Businesses now have numerous options to efficiently train their deep learning and machine learning models without breaking the bank. AI accelerators cater to various scenarios, providing solutions that range from economical inference to robust training capabilities. Getting started is straightforward, thanks to an array of services designed for both development and deployment purposes. Custom-built ASICs known as Tensor Processing Units (TPUs) are specifically designed to train and run deep neural networks with enhanced efficiency. With these tools, organizations can develop and implement more powerful and precise models at a lower cost, achieving faster speeds and greater scalability. A diverse selection of NVIDIA GPUs is available to facilitate cost-effective inference or to enhance training capabilities, whether by scaling up or by expanding out. Furthermore, by utilizing RAPIDS and Spark alongside GPUs, users can execute deep learning tasks with remarkable efficiency. Google Cloud allows users to run GPU workloads while benefiting from top-tier storage, networking, and data analytics technologies that improve overall performance. Additionally, when initiating a VM instance on Compute Engine, users can leverage CPU platforms, which offer a variety of Intel and AMD processors to suit different computational needs. This comprehensive approach empowers businesses to harness the full potential of AI while managing costs effectively.

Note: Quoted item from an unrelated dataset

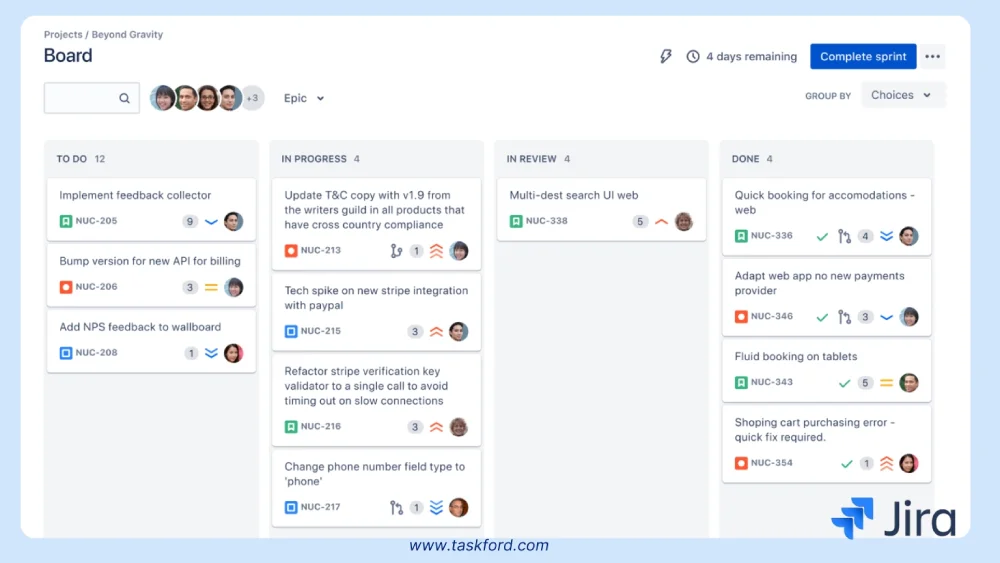 スクラムボード/カンバンボード、課題追跡、スプリント計画、3,000以上の連携(Confluence、Slack、GitHubなど)。強力なレポート機能によりスプリント進捗やチームパフォーマンスを可視化。

The Intel® Tiber™ AI Cloud serves as a robust platform tailored to efficiently scale artificial intelligence workloads through cutting-edge computing capabilities. Featuring specialized AI hardware, including the Intel Gaudi AI Processor and Max Series GPUs, it enhances the processes of model training, inference, and deployment. Aimed at enterprise-level applications, this cloud offering allows developers to create and refine models using well-known libraries such as PyTorch. Additionally, with a variety of deployment choices, secure private cloud options, and dedicated expert assistance, Intel Tiber™ guarantees smooth integration and rapid deployment while boosting model performance significantly. This comprehensive solution is ideal for organizations looking to harness the full potential of AI technologies.

An AI system designed for businesses that facilitates local training on proprietary data and enables deployment on your chosen cloud infrastructure, capable of scaling to accommodate millions of users without requiring an engineering team. You can create, customize, and launch your own AI-driven chat interface, such as a finance chatbot named xFinance, which is based on a 13-billion parameter model fine-tuned on an open-source architecture using LoRA techniques. Our objective was to demonstrate that significant advancements in financial NLP tasks can be achieved affordably. Additionally, you can have a personal AI assistant that interacts with your documents, handling both straightforward and intricate queries across single or multiple documents. This platform offers a seamless deep learning experience for enterprises, featuring hardware-efficient algorithms that enhance inference speed while reducing costs. It also includes real-time monitoring and logging of resource use and cloud expenses associated with your deployed models. Furthermore, xTuring serves as open-source personalization software for AI, simplifying the process of building and managing large language models (LLMs) by offering an intuitive interface to tailor these models to your specific data and application needs, ultimately fostering greater efficiency and customization. With these innovative tools, companies can harness the power of AI to streamline their operations and enhance user engagement.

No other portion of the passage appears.